Sin embargo, las bodegas, especialmente las pequeñas, tienen grandes dificultades para contratar personal especializado en estas tareas. Unas veces por falta de recursos y otras porque resulta complicado encontrar gente dispuesta a trabajar el fin de semana y con conocimientos de idiomas. También, y aquí es donde el curso podrá ser efectivo desde ya, porque no manejan las nuevas herramientas del márketing. Este curso de experto universitario, que consta de 12 créditos y 185 horas lectivas, es un nuevo título propio creado expresamente para la ocasión por la Facultad de Ciencias Gastronómicas de la Universidad de Mondragón.

Hasta Laguardia

«Nosotros ya ofrecemos formación en turismo gastronómico, pero no teníamos aún nada especifico del sector vitivinícola, nada relacionado con cómo posicionar mejor nuestro vinos, sobre las herramientas que hay a nuestra disposición y cómo trabajar también los diferentes canales, incluyendo el enoturismo. Nos pareció una propuesta tan interesante que nos hemos venido a Laguardia; es la primera vez que impartimos un curso fuera de nuestra instalaciones», subraya Idioa Calleja, directora de masters y cursos del Basque Culinary Center.

«Lo mejor es un curso práctico, en el que los participantes van a trabajar sobre sus propios casos con la tutela de los expertos. Primero van a ir plasmado en ellos poco a poco todos los conocimientos que vayan adquiriendo y después van a realizar el proyecto de fin de curso, así que digamos que esas 185 horas lectivas son sólo las primeras 185 horas», explica Calleja. «La gastronomía es un sector en auge y hacen falta profesionales con perfiles muy determinados para aprovechar las oportunidades que van urgiendo, una escasez que lleva a las pequeñas bodegas a formar a su propia gente», señala para recalcar que los once inscritos en esta primera promoción ya trabajan en alguna bodega de alguna de las cuatro denominaciones vascas.

Sin embargo, el curso ha estado abierto (y lo estará en sus próxima ediciones) a cualquier persona interesada en entrar en el sector que ya cuente con experiencia profesional en puestos de marketing o ventas y titulación universitaria.

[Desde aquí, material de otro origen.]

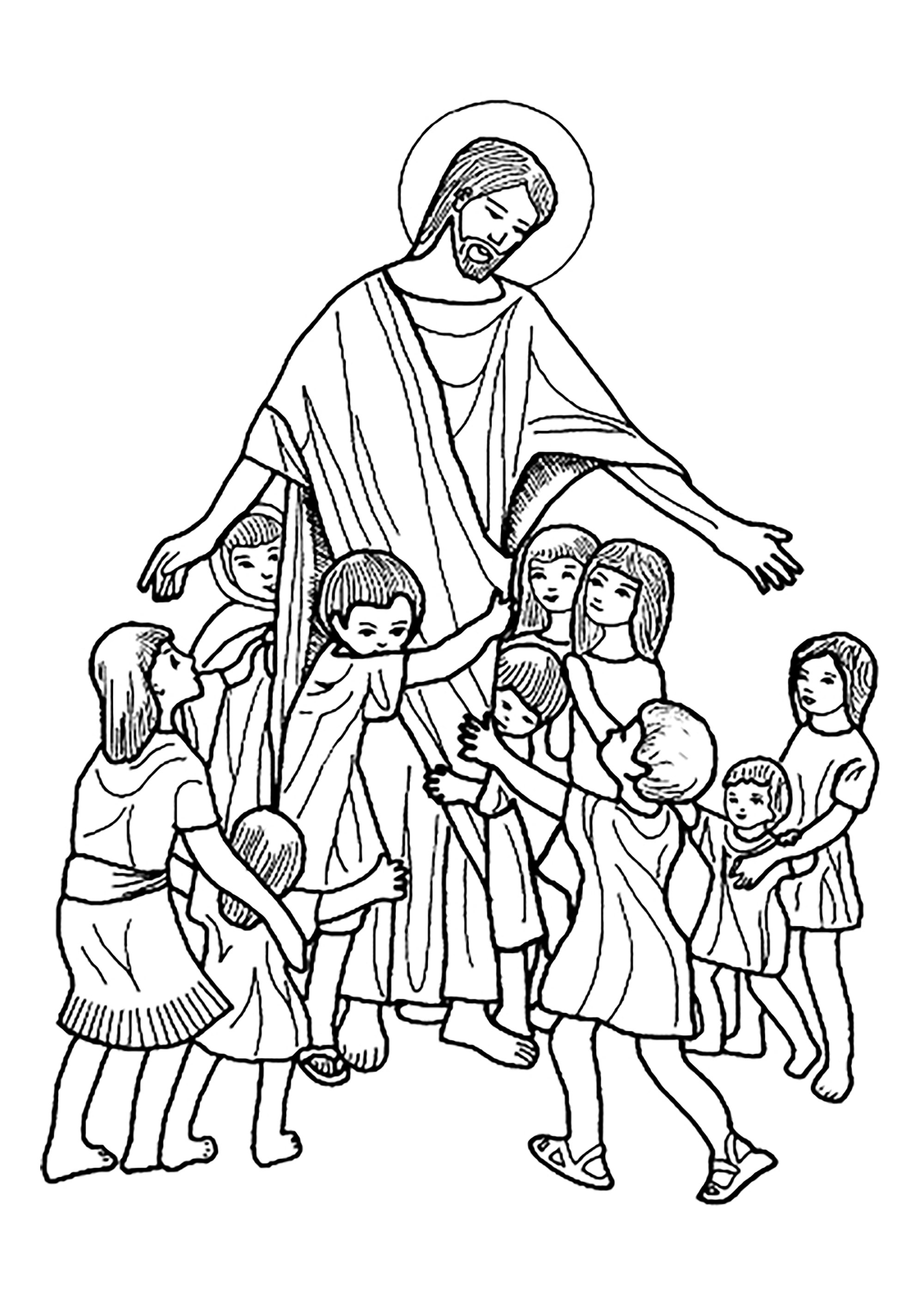 Jesus rodeado de crianças (Página de Cristandade para colorir para crianças)
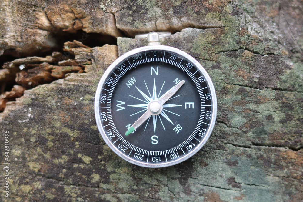 Old compass on natural wooden background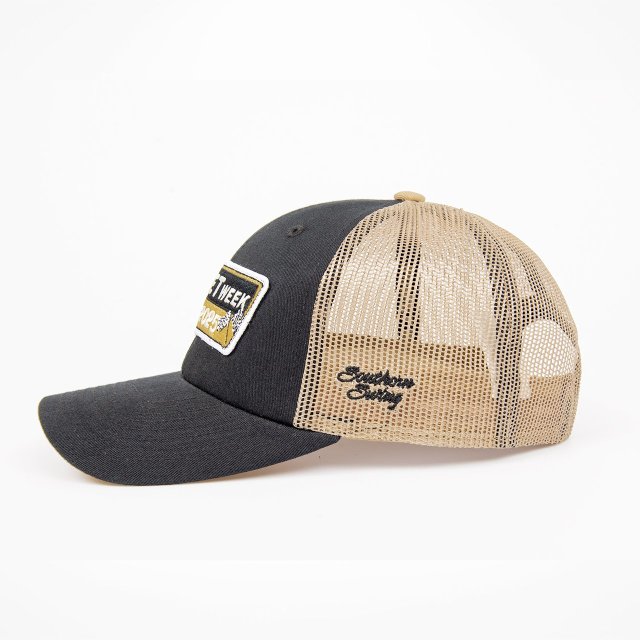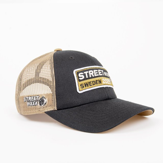 Street Week 25 Official Trucker Cap med svart framsida och mesh i khaki med böjd skärm och snapback (justerbar storlek). Stor logopatch, Street Week och Southern Swing brodyr på sidorna och "The ultimate race challenge" på baksidan.

El precio de la matrícula es de 6.500 euros, aunque ofrece la posibilidad de acceder a becas de apoyo para cofinanciar el importe de la matrícula hasta 5.000 euros.

Bodega 202

Es el caso de Bodega 202, un proyecto tan joven que ahora mismo inicia la comercialización de su primera añada, la de 2015. «Nosotros sólo somos cuatro trabajadores, así que nos toca ser versátiles y hacer todos de todo», explica Marta Ortiz-Arce, responsable de márketing, comercialización y sostenibilidad. Ella es ingeniera de montes con un máster en agricultura sostenible y hasta hace tres años se había dedicado «más a la gestión de cultivos y proyectos ambientales». Entonces se enroló en la puesta en marcha de esta bodega, «así que tuve que ponerme las pilas en temas de márketing en general». Y como ella el resto de sus compañeros.

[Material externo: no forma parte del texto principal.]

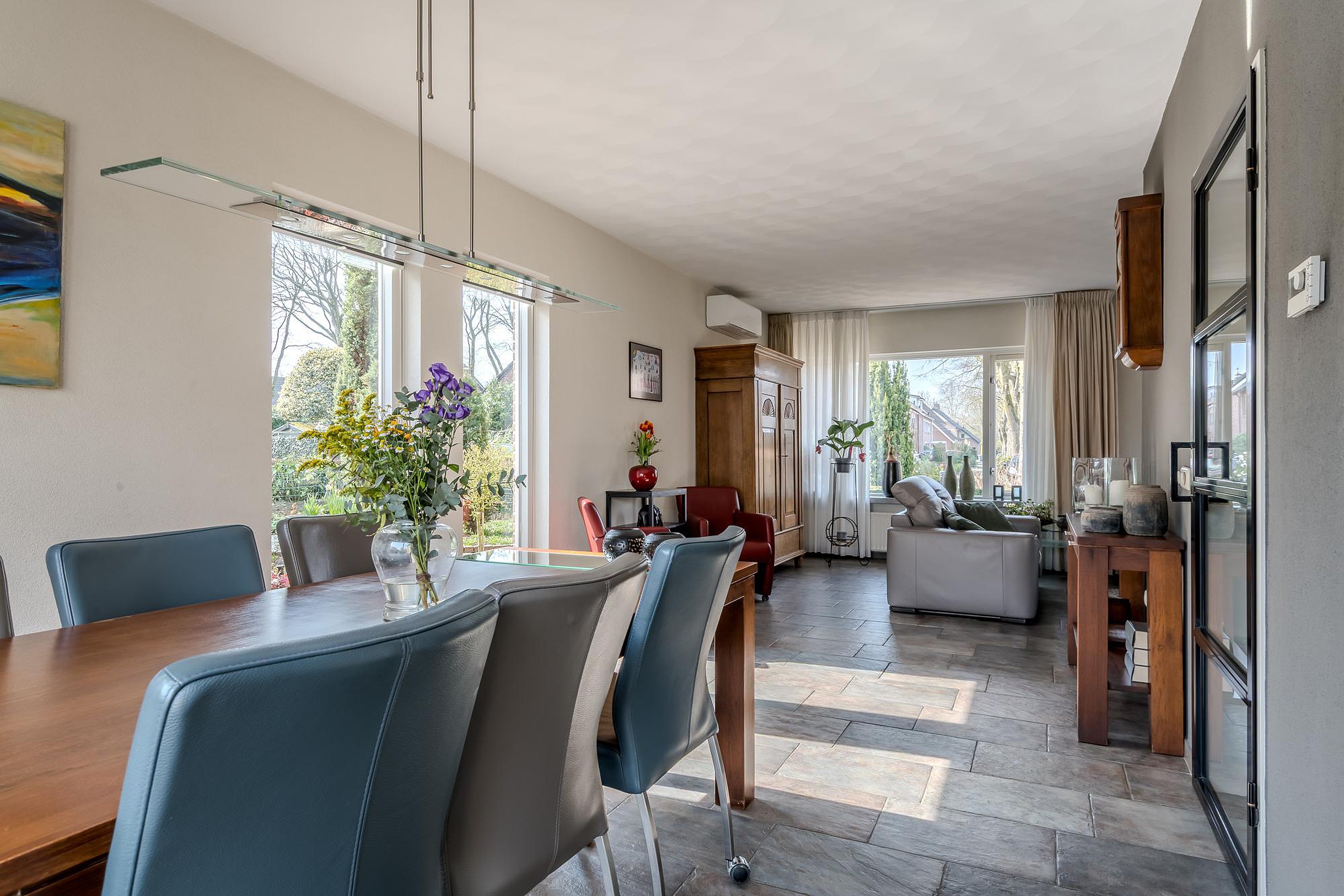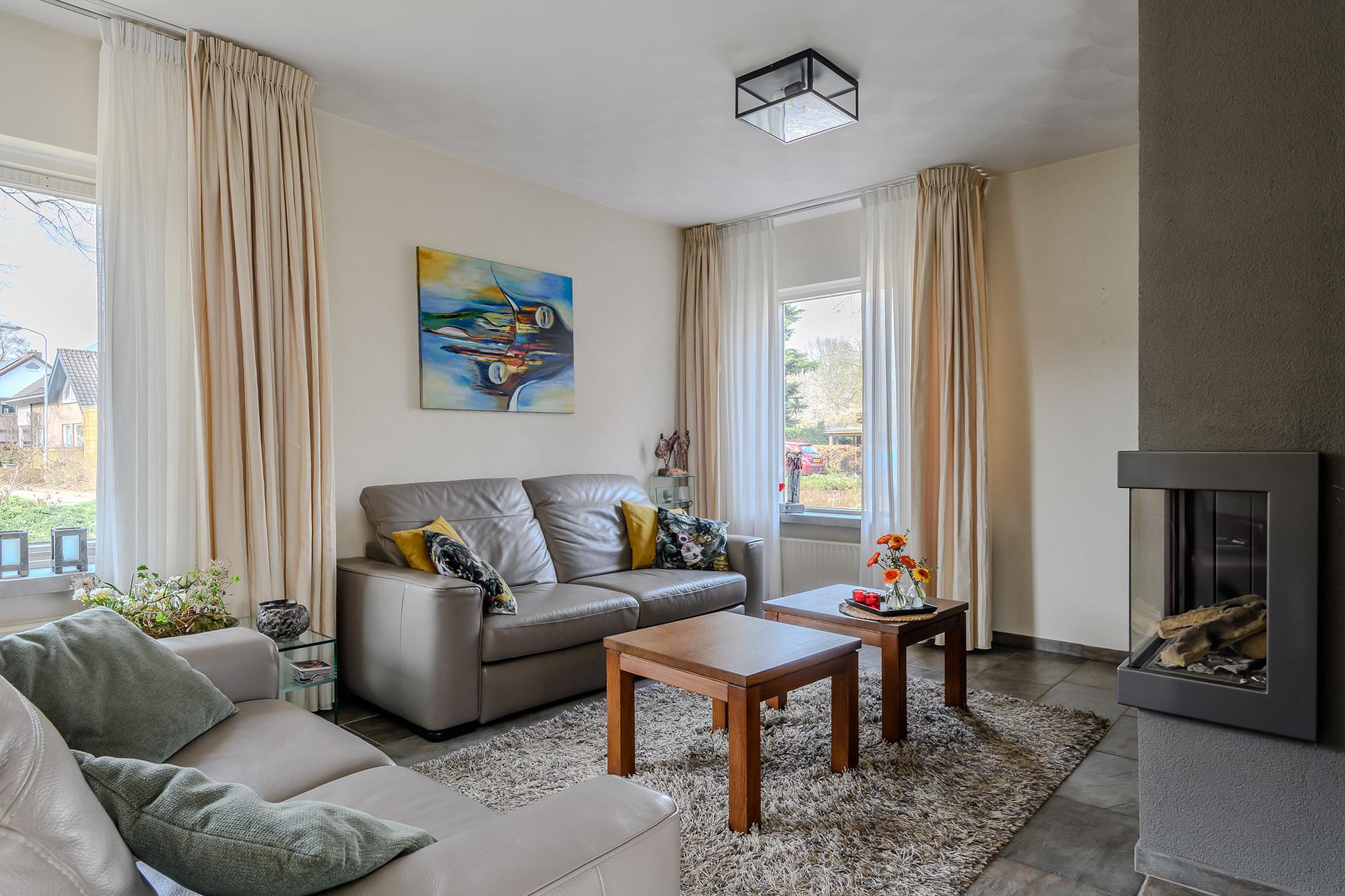 Begane grond: hal met toilet en meterkast, woonkamer met gashaard, vloerverwarming en airco, moderne halfopen keuken met alle inbouwapparatuur, bijkeuken met aanrechtblok en inbouwkast (wasmachine, wasdroger en diepvries), garage met vaste trap naar bergzolder.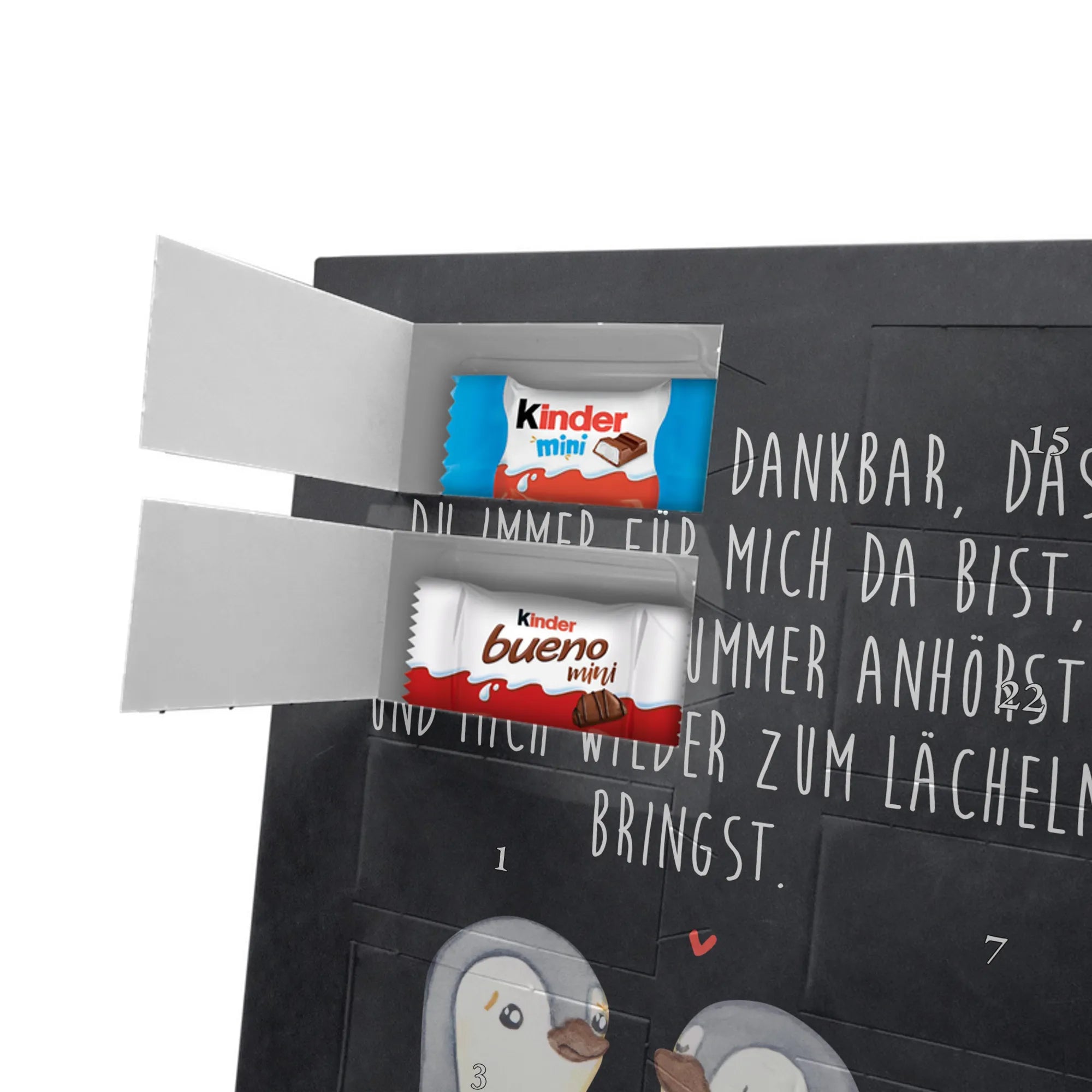 Personalisierter Foto Adventskalender mit Schokolade von Mr. & Mrs. Panda – das ideale Geschenk für alle, die persönliche Erinnerungen und süße Kleinigkeiten lieben. Lade dein Lieblingsbild hoch und wir drucken es auf die Vorderseite, flankiert von charmanten Illustrationen und Sprüchen unserer Panda-Crew. Bitte achte darauf, dass dein Bild eine hohe Auflösung hat und der Bildausschnitt sorgfältig gewählt ist, damit Gesichter und Details perfekt zur Geltung kommen. Nur Bilder mit entsprechenden Nutzungsrechten verwenden. Achtung: Wir nehmen keine Nachbearbeitung oder Zuschnitt der Fotos vor; personalisierte Fotoartikel sind vom Widerruf ausgenommen. Der Kalender überzeugt durch brillante Druckqualität, seidenmatte Oberflächenveredelung und bedruckte Seitenflächen. Maße: 355 mm x 245 mm x 11 mm. Du kannst ihn aufhängen oder aufstellen – so passt er in jede Adventsdekoration. Gefüllt mit kinder® Schokolade, darunter kinder® Schoko-Bons, kinder® Bueno mini und kinder® Schokolade mini. Ein liebevoller, persönlicher Adventskalender, der jedes Türchen mit einem Hauch Mr. & Mrs. Panda Magie öffnet.

«El márketing digital, el comercio electrónico y el enoturismo son sectores que se mueven muy deprisa, en los que los cambios producen muy rápidamente. Para estar al tanto hay que estar formándose permanentemente, sin dejar de ir a jornadas, seminario o cursos. No te puedes quedar dormido en los laureles pesando que ya lo sabes todo porque cada año hay herramientas o iniciativas nuevas. Además, somos conscientes de que tenemos que dar toda la importancia del mundo al marketing digital, tanto por las ventas que puedes hacer como por ir creado marca. Un proyecto nuevo como el nuestro o está en Internet o no existe. Pero, sin embargo, una empresa de nuestras dimensiones no puede tener a una persona dedicándose solo a ello», reconoce.

Ellos asumen que va a tener que acudir a terceros, a empresas o trabajadores especializados, para que realicen esa labor de posicionamiento digital por ellos, pero tampoco a ciegas. «La base la tiene que tener uno mismo. Tú tienes que saber tanto qué tienes que externalizar como qué tienes que pedir a ese experto y para eso tienes que conocer algo las herramientas y las estrategias. Además, muchas veces a los mejores expertos los conoces en los procesos de formación», resume.